It really is tough to figure where this stock market is going. If you look at a 20-year chart of the S&P 500, you’ll see a most peculiar depiction of stock prices.
You can easily see the stock market crash in 1987, but when compared to the price appreciation of stocks from 1995 to 2000, then the subsequent fall, the crash of 1987 looks like a minor blip. It’s as if the crash was just one down day in the market’s history.
From 2000 to 2003, the market’s negative price action is clearly illustrated, losing almost half its worth from the highs set during the Internet bubble. In 2003, the market reverses and the S&P 500 begins a solid recovery to where it is now.

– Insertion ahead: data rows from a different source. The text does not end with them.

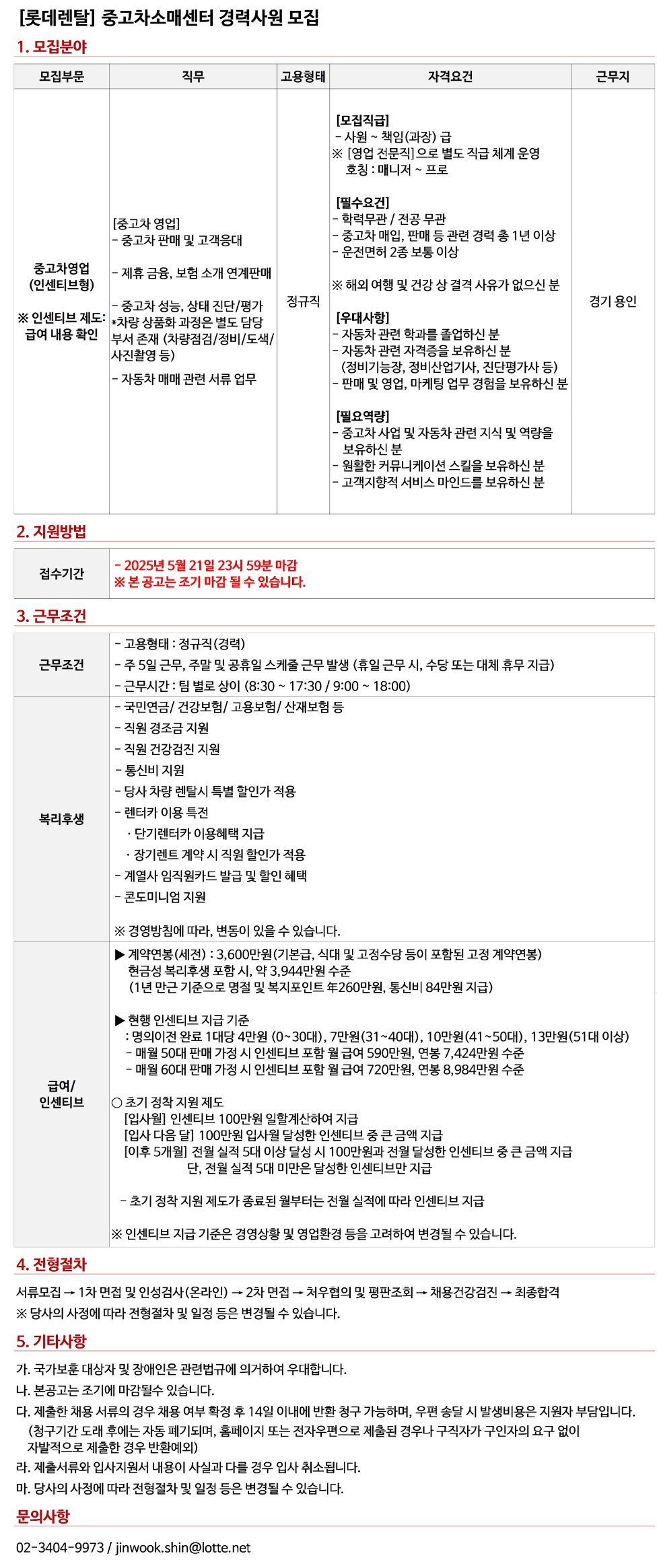 25³â 5¿ù Á¤±ÔÁ÷(°æ·Â) - Áß°íÂ÷¿µ¾÷(Àμ¾Æ¼ºêÇü, ¿ëÀÎ)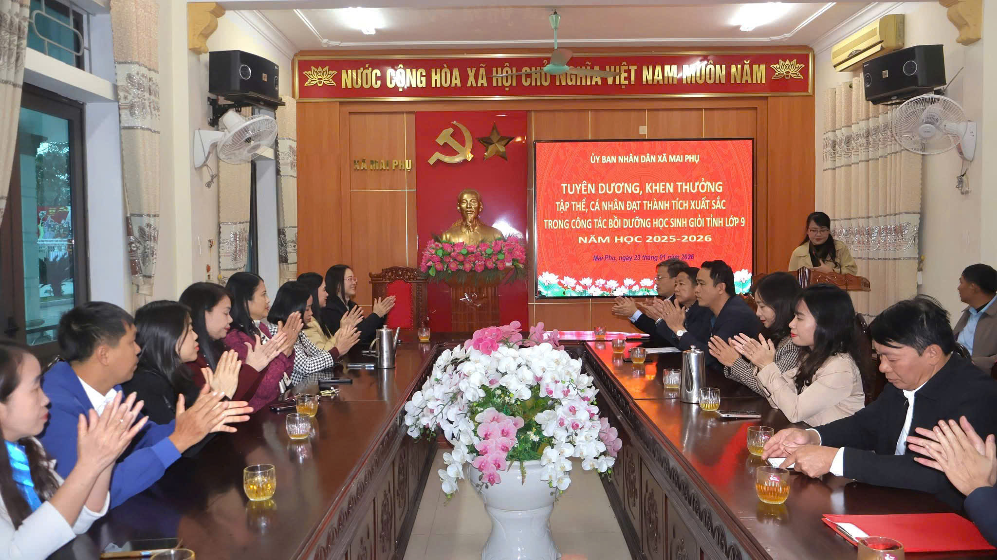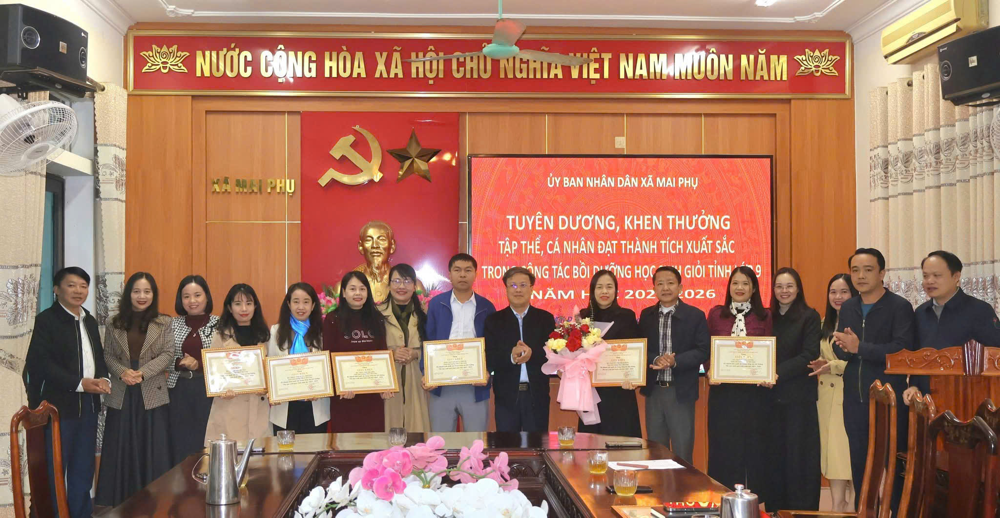 Thiết thực chào mừng Đại hội lần thứ XIV của Đảng và bầu cử Đại biểu Quốc hội, HĐND các cấp nhiệm kỳ 2026 - 2031, chiều ngày 23/01/2026, Ủy ban nhân dân xã Mai Phụ tổ chức Lễ trao tặng Giấy khen của Chủ tịch UBND xã cho tập thể và các cá nhân Trường THCS Mỹ Châu có thành tích xuất sắc trong công tác bồi dưỡng học sinh giỏi tỉnh năm học 2025 - 2026. Tham dự buổi lễ có các đ/c Thường trực Đảng ủy, lãnh đạo HĐND, UBND, Ủy ban MTTQ xã, cùng Ban Giám hiệu và các cá nhân được khen thưởng của Trường THCS Mỹ Châu.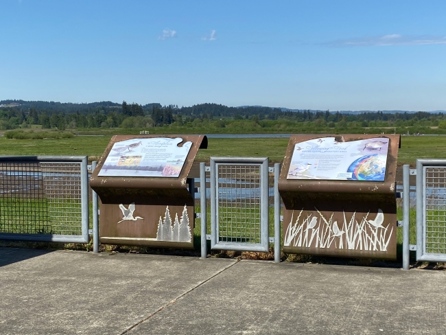 Interpretive signs tell the story of the refuge at several locations near the Visitor Center and along the year-round River Trail. Most of these signs have about 28 inches of clearance beneath the sign, with the sign content at about 36" off the ground.

Technical analysts looking at this index chart are at a loss for an explanation. The market’s price action hasn’t really followed any traditional type patterns, and there doesn’t seem to be any rationality to it.
This leads us to today’s market environment where I really don’t have a defined view as to where stock prices are headed over the near-term. As a full-time market observer, I usually have a good sense about stock market sentiment and its overall direction. In the current environment, it is a toss up as to where prices might head.
I mentioned before in this column that I felt that the market is regressing towards its mean. After all the market’s ups and downs over the past decade, individual investors’ enthusiasm for the stock market is waning. Interest rates have gone up and yields from money market instruments are providing competition for stocks.
So, the stock market has evolved, and yet it is returning to its usual self. My best guess as to the future is that average returns from investing in stocks will be much more modest than they were over the last ten years. The stock market really is returning to its historical norms.